The Jews, revolting against the divinity of Christ, have resorted to all sorts of expedients to destroy this great mystery; they distort the meaning of their own oracles, or do not apply them to the Messiah; they assert that the name of God, 'Eloï,' is not peculiar to the Divinity, but is given, even by sacred writers, to judges, to magistrates, and in general to such as are high in authority; they do indeed cite a great many passages of the holy scriptures that justify this observation, but which do not in the least affect the express terms of the ancient oracles concerning the Messiah.

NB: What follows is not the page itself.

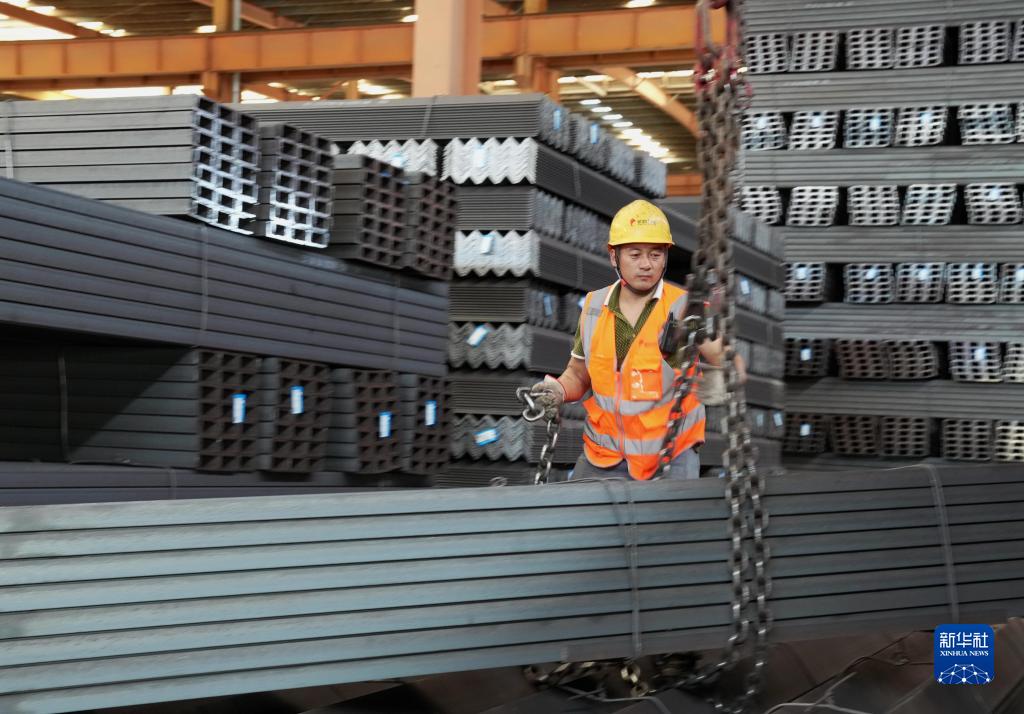 8月23日,唐山市豐潤區一家鋼鐵企業(yè)的工人在成品庫給準備裝車(chē)外運的鋼材安裝吊運掛鉤鏈。

Lastly, they assert, that if the Saviour, and after him the evangelists, the apostles, and the first christians, call Jesus the Son of God, this august term did not in the evangelical times signify anything but the opposite of son of Belial-that is, a good man, a servant of God, in opposition to a wicked man, one without the fear of God.

If the Jews have disputed with Jesus Christ his quality of Messiah and his divinity, they have also used every endeavour to bring him into contempt, by casting on his birth, his life, and his death, all the ridicule and opprobium that their criminal malevolence could imagine.

Of all the works which the blindness of the Jews has produced, there is none more odious and more extravagant than the ancient book entitled "Sepher Toldos Jeschu," brought to light by Wagenseil, in the second volume of his work entitled "Tela Ignea," &c.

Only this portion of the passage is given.